For starters – what is Hadoop and what is 1.0? The Apache Hadoop project is the core of an entire ecosystem of projects. It consists of four modules (see here):
- Hadoop Common: The common utilities that support the other Hadoop modules.
- Hadoop Distributed File System (HDFS™): A distributed file system that provides high-throughput access to application data.
- Hadoop YARN: A framework for job scheduling and cluster resource management.
- Hadoop MapReduce: A YARN-based system for parallel processing of large data sets.

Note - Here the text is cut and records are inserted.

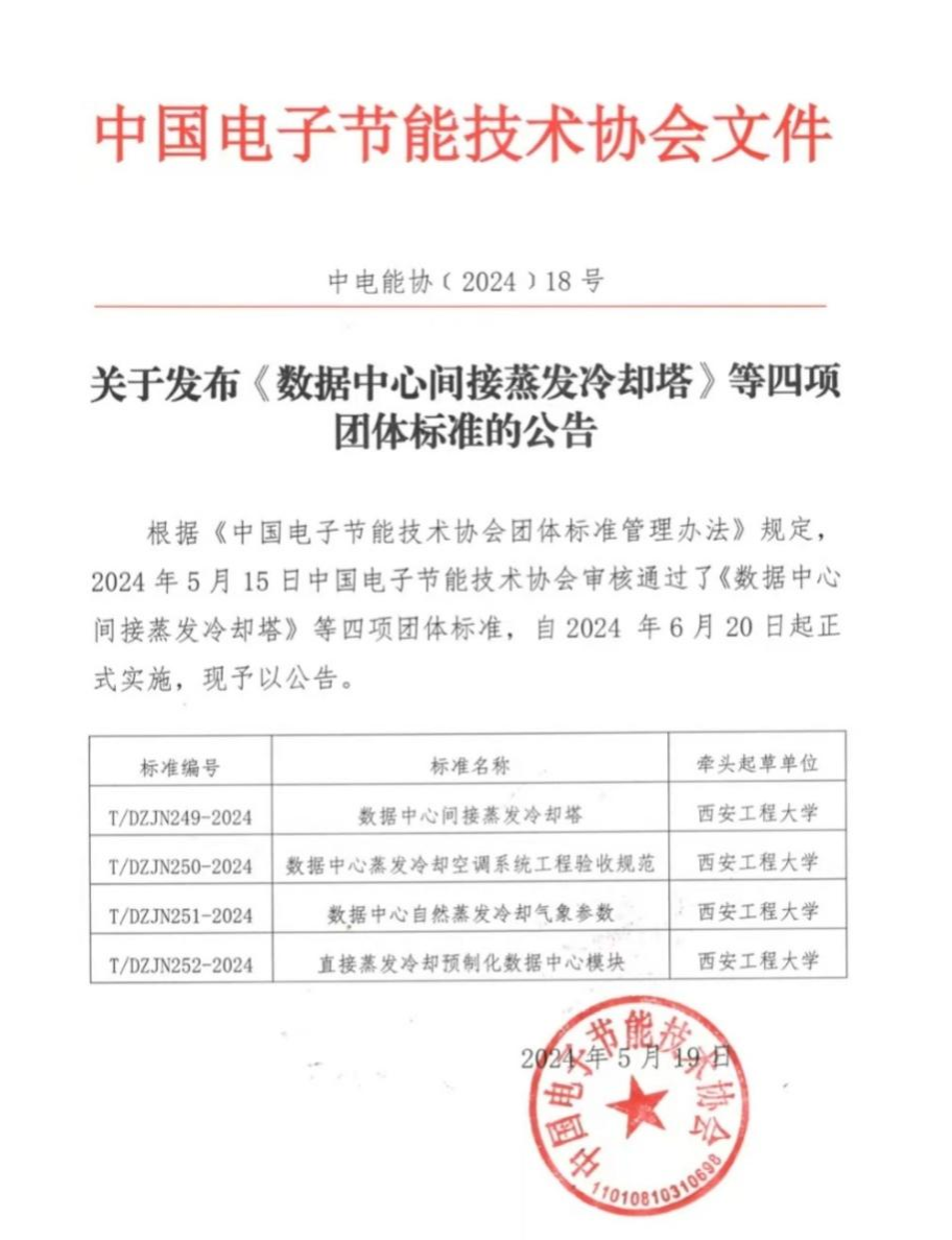 由球王会体育官方网站作为标准牵头单位,球王会体育黄翔教授作为标准编制组组长主编的《数据中心间接蒸发冷却塔》《数据中心蒸发冷却空调系统工程验收规范》《数据中心自然蒸发冷却气象参数》《直接蒸发冷却预制化数据中心模块》4项团体标准于2024年5月15日经中国电子节能技术协会审核通过,将自2024年6月20日起正式实施!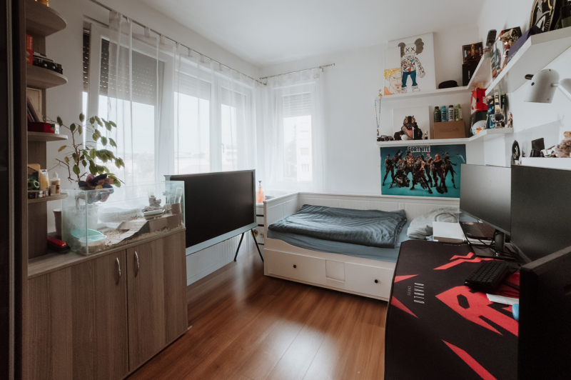 A lakás világos, hiszen a nagy ablakoknak köszönhetően a napfény szinte minden szegletét elárasztja, így a modern és egyedi tervezésű belső tér barátságos és hívogató atmoszférát teremt. Az ingatlan részben bútorozott és gépesített, így azonnal költözhető, ami különösen előnyös lehet a családok számára, akik nem szeretnék a költözést hosszadalmasan előkészíteni.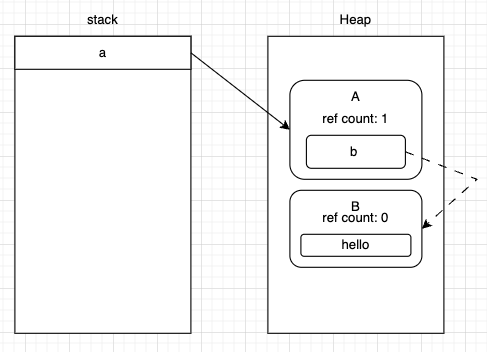 그 후 a의 b에 접근해 hello를 출력하려고 하면 이때 b가 초기화되면서 다음과 같은 상태가 될 것이다.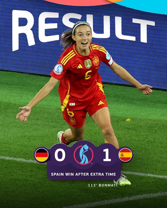 യൂറോ 2025 വനിതാ ചാംപ്യന്‍ഷിപ്പില്‍ സ്പെയിൻ ഫൈനലിൽ. ആവേശകരമായ സെമിഫൈനലിൽ ജർമനിയെ ഏകപക്ഷീയമായ ഒരു ഗോളിന് വീഴ്ത്തിയാണ് സ്പെയിൻ തങ്ങളുടെ ആദ്യ വനിതാ യൂറോ ഫൈനലിൽ പ്രവേശിച്ചത്. എക്സ്ട്രാ ടൈമിൽ സൂപ്പർ താരം ഐറ്റാന ബോൺമാറ്റിയാണ് വിജയഗോൾ നേടിയത്.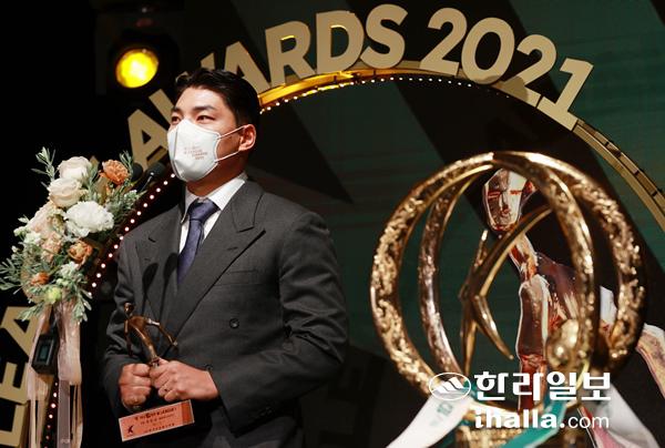 베테랑 수비수 홍정호는 7일 오후 서울 서대문구 스위스그랜드호텔에서 열린 하나원큐 K리그1 2021 대상 시상식에서 최우수선수(MVP)의 영예를 안았다.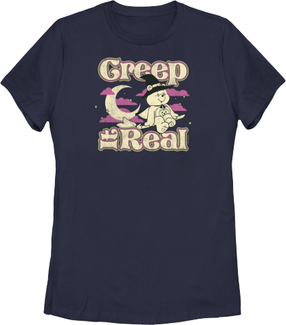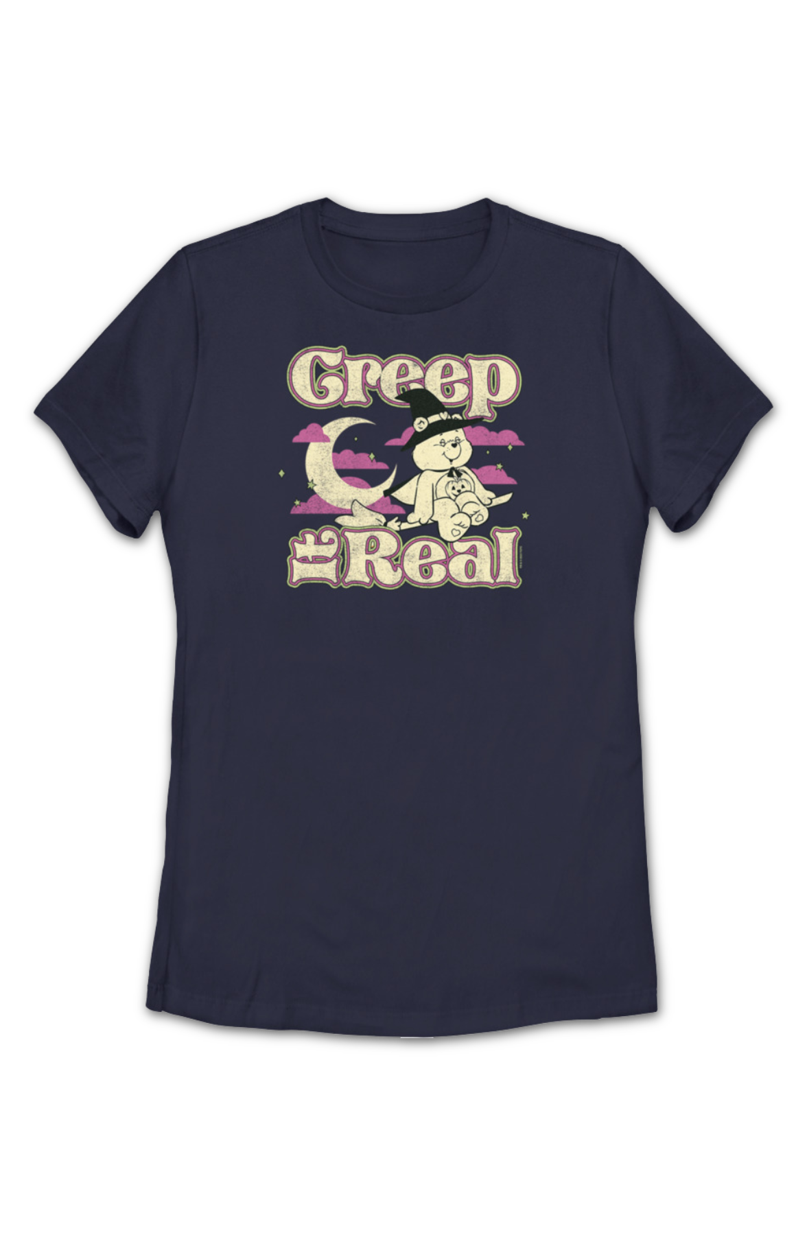 This womens Care Bears shirt shows Trick-Or-Sweet Bear dressed as a witch and riding on a broom on Halloween night. The shirt reads Creep It Real.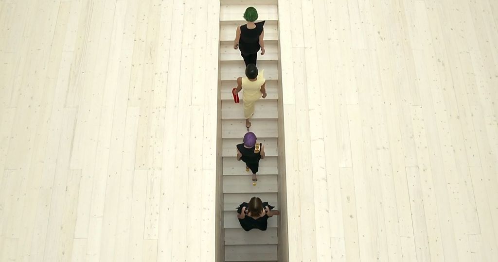 A large undecorated room. A perimeter of closely-seated guests. An opening in the floor in the centre of the fair-wood space. A gentle flow of spare, percussion-free music (While my Heart is still Beating, from the London-based Italian electronic act Not Waving and label mate Romance). Against this orchestral/electronic track—so stark, yet soaring in parts, it’s almost devotional—the models walk unhurriedly from the basement to to the open floor. Each measured step allows the clothes to be viewed in their structural or fluid brilliance. Nothing is as severe in simplicity as the music suggests. Each outfit evinces that there is a difference between dressing and wearing. Each, a study of balance, texture, and the unlikely. This could be Loewe’s strangest collection, and strongest yet. This is not an exploration of what having fun again would be like. This is fashion as if it never took a hiatus; expressive, as stylish life goes on. This is Jonathan Anderson reaching a climactic career apex.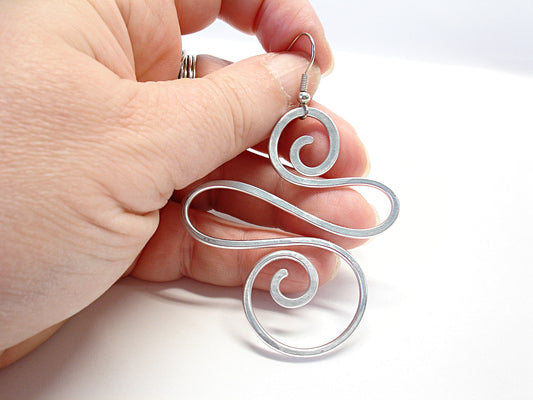Big silver aluminum spiral earrings. Aluminium dangle celtic earrings. Contemporary jewelry
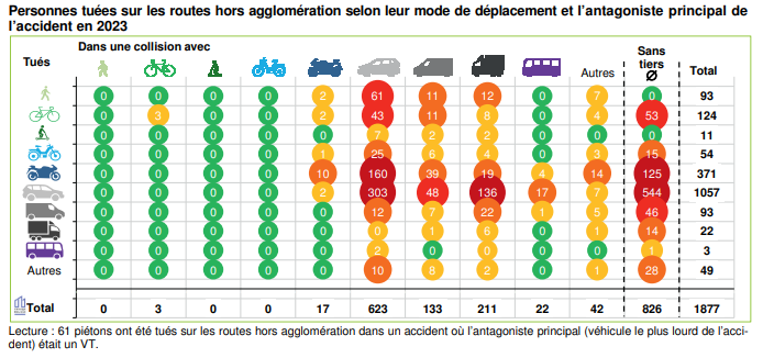 Les chiffres du tableau d'Altis me font sourire (jaune) : la première cause de mortalité (45%) des cyclistes est "sans tiers". Ce qui signifie que la moitié du temps il se tue tout seul...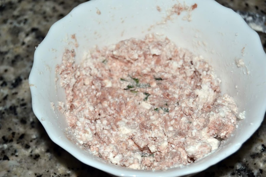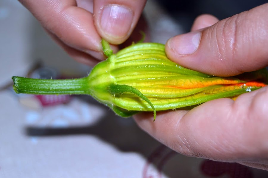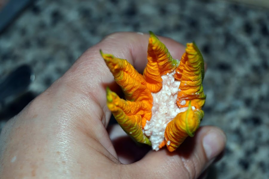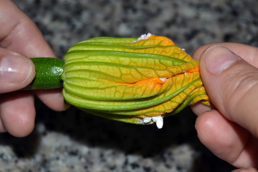 Ahora vamos rellenando las flores de calabacin, con mucho cuidado.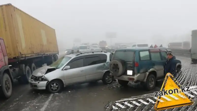 Между поселками Ынтымак и Отеген батыр в Алматинской области уже стоят около 30 разбитых автомобилей, передает Zakon.kz.
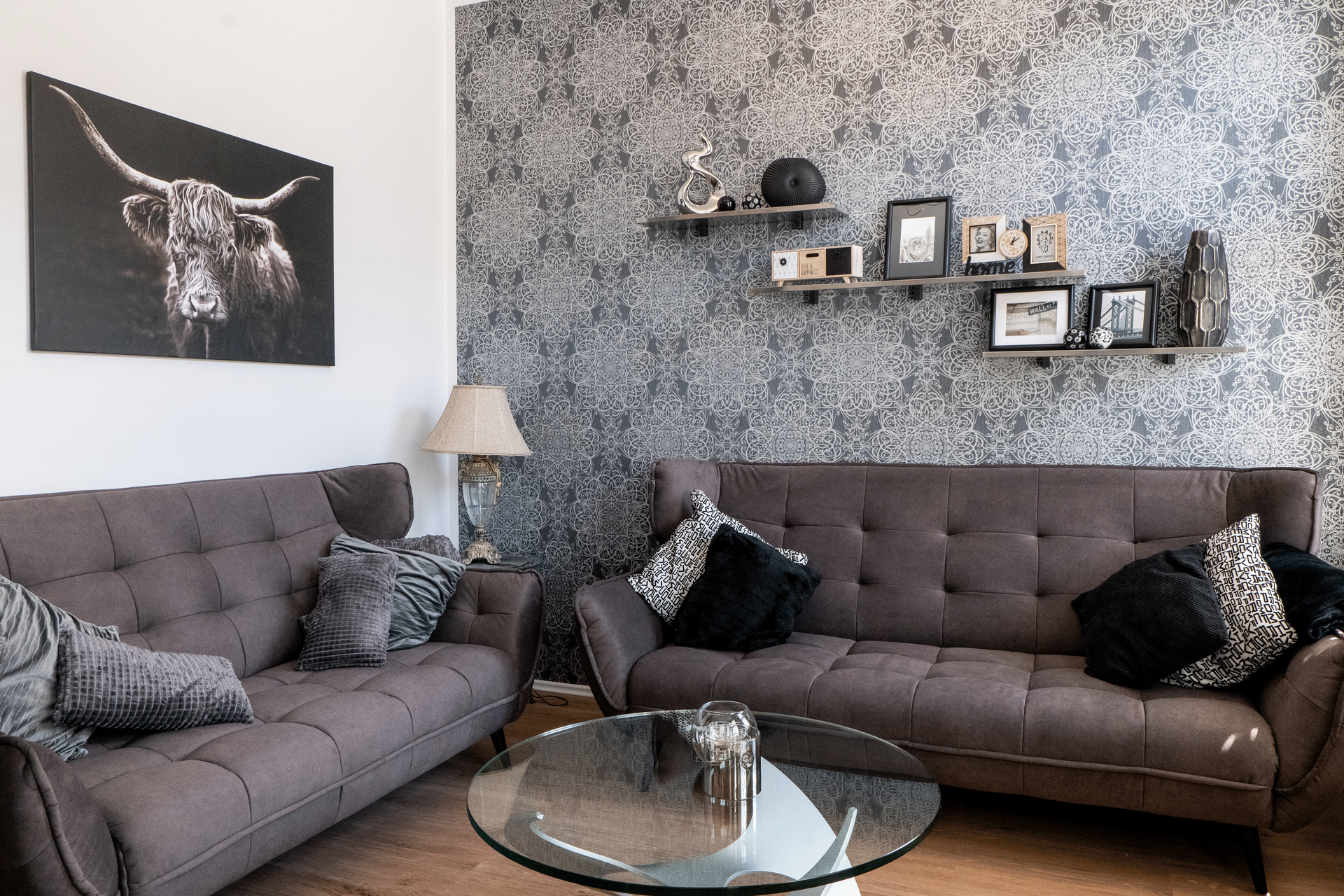 - ein Wohnzimmer mit Smart TV und zwei große Couches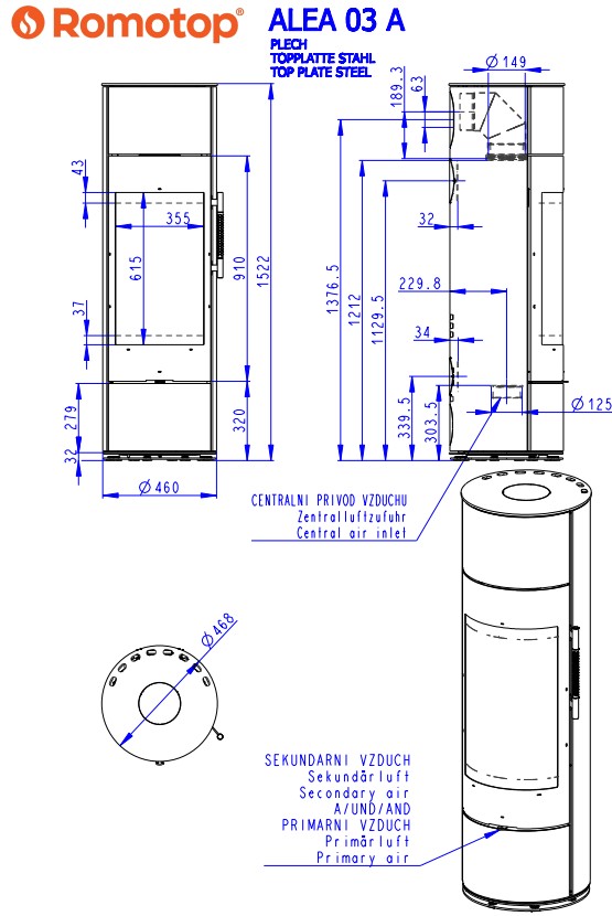Kamin ALEA A 03 Tehnilised andmed:
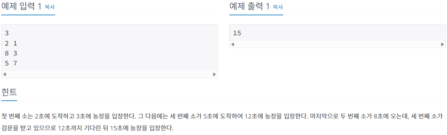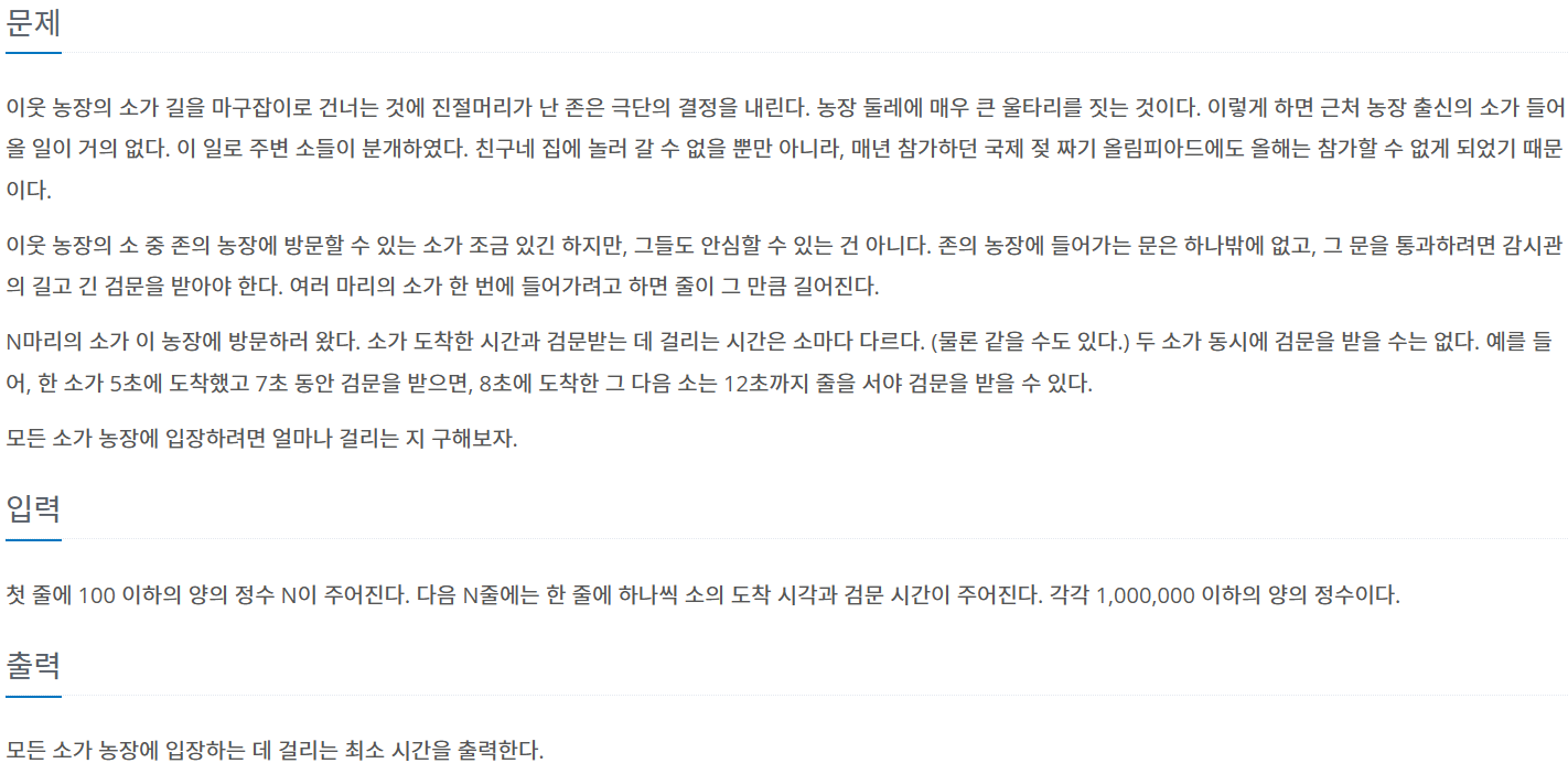 문제 풀이: 해당 문제는 먼저 소가 도착하는 시간을 기준으로 오름차순 정렬을 한다.

Hadoop 1.0 is based on the Hadoop .20.205 branch (it went 0.18 -> 0.19 -> 0.20 -> 0.20.2 -> 0.20.205 -> 1.0). Hard to follow? Check out this chart. Not hard for an open source developer, but obscure for an enterprise product – so everyone agreed to call 0.20.205 ‘1.0’, the project having matured to that point.
Hadoop 2.0 is from the Hadoop 0.23 branch, with major components re-written to enable support for features like High Availability, and MapReduce 2.0 (YARN), and to enable Hadoop to scale out past 4,000 machines per cluster. Specifically, Hadoop 2.0 adds (see here):
- HDFS Federation – multiple, redundant namenodes acting in congress
- MapReduce NextGen aka YARN aka MRv2 – which transforms Hadoop into a full blown platform as a service. See here.
Hadoop 1.0 is rock-solid, Hadoop 2.0 is still in active development and is considered Alpha. Work continues to stabilize Hadoop 2.0, so stay tuned!